One thing that trips me up about postgres are schemas. What is the conceptual difference between a "schema" and a "database"?

In PostgreSQL, the hierarchy is: host > cluster > database > schema > object.

By host, I mean a server. A host can have many database clusters. Usually it has just one. To have more than one, you would have to have more than one PostgreSQL instance running, each listening on a separate port. The default port is 5432. I don't recommend more than one cluster per host. I just mention it as possible.

A cluster can have many databases.

A database can have many schemas.

A schema can have many objects. By object, the most familiar is a table, but there are other kinds of objects: views, functions, custom types, sequences. An object cannot exist directly in the database. It must be part of a schema. The default schema is called "public". Traditionally in other databases, there was a schema for each user. So if jdoe logs in, his default schema is also called jdoe. In fact in other databases this is the only schema a user can have. You cannot make more schemas and name them whatever you wish.

The advantage of a schema over a database is that you can make a query that uses objects in different schemas.

  select *
  from schema1.table1
      join schema2.table2 on table1.col = table2.col
If the tables were in different databases, then you could not combine them as easily. I think you would have to resort to Foreign Data Wrappers.

I have gotten a long way, with many applications over many years, with one host, one cluster, one database, and many schemas.

> I don't recommend more than one cluster per host.

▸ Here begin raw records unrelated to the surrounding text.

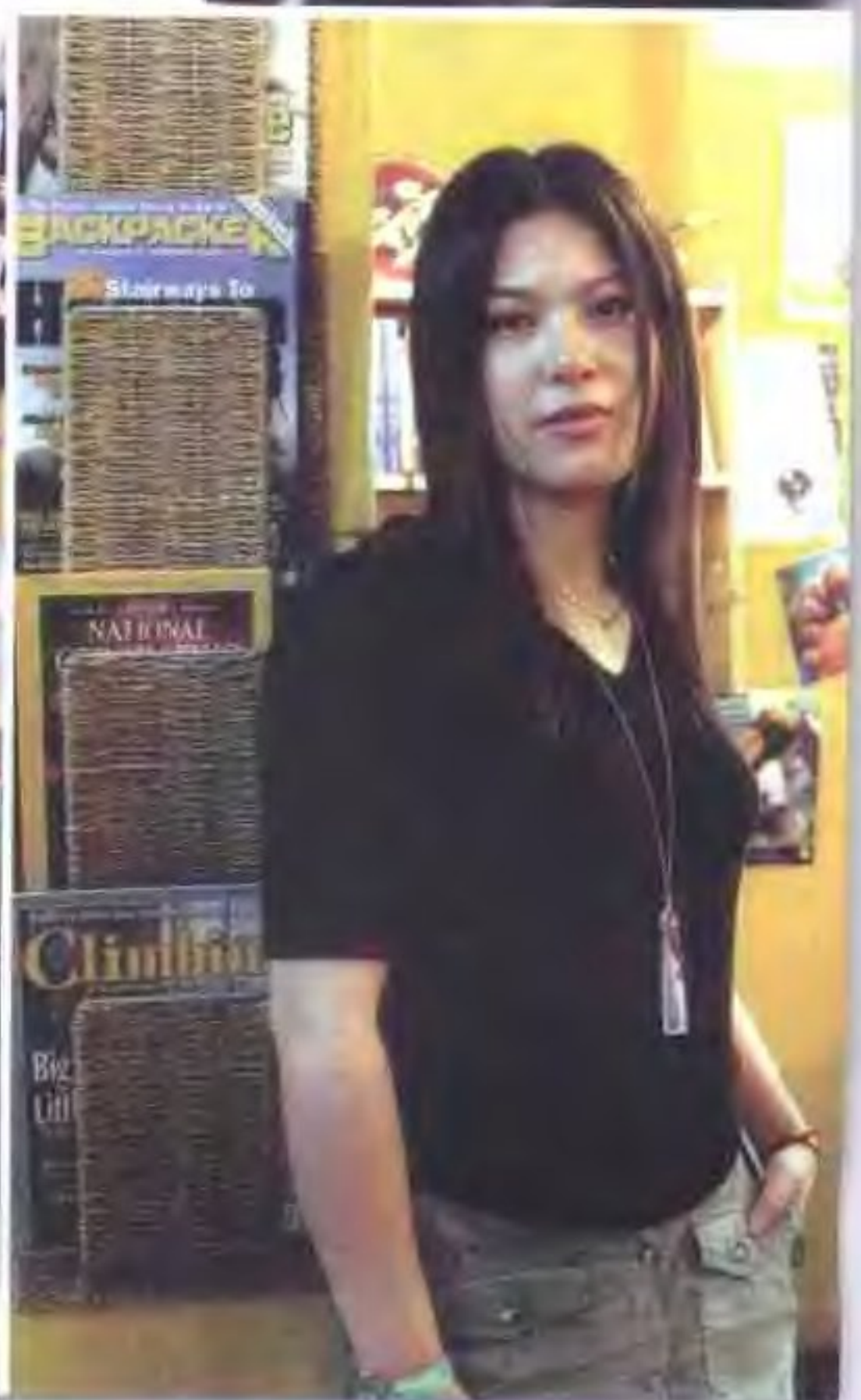
白血病细胞已开始侵蚀我的正常造血细胞，可我浑然不知，还以为牙龈酸痛是因为上火呢。2001年6月25日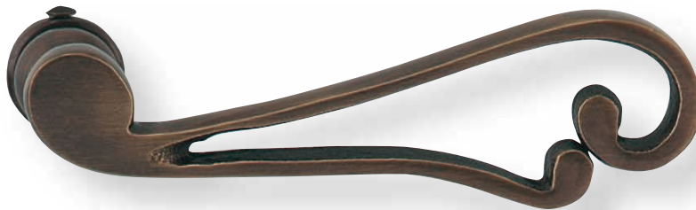
BE 265 L.110mm 7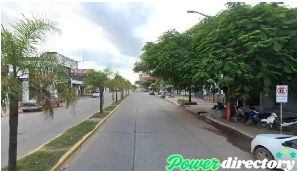
Nuevo banco del chaco s a resistencia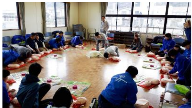
3/24 (日) AED、応急手当の知識を学ぶ救命講習会を開催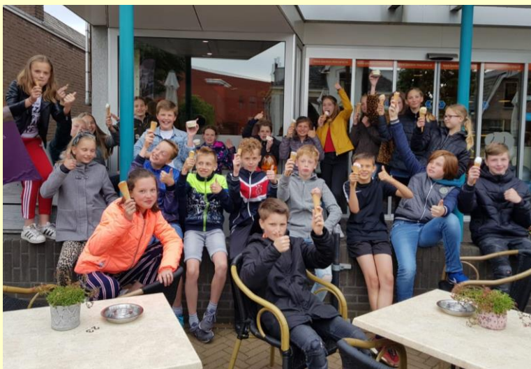
Het jongensteam is bij de regiofinale voetbal 3 e geworden en de meisjes werden vierde. Mooie prestatie gehaald met sportief spel en hard werken. Dat vonden we samen met de goede CITO eindtoetscore een ijsje waard. Hier genieten ze van hun traktatie.

I just mention it as possible.

I actually use this as a cheap data backup mechanism. I have a primary database cluster on SSD, and two replicas on two separate harddrives. All running as three postgresql clusters on the same machine.

The harddrives run intentionally on different filesystems, so that filesystem bug will not eat all my DB data. (in case someone wants to suggest raid ;))

This seems complicated and would still fail if something happens to the host hardware itself right? What about projects like wal-e/wal-g that continuously archive to cloud storage?

https://github.com/wal-e/wal-e

https://github.com/wal-g/wal-g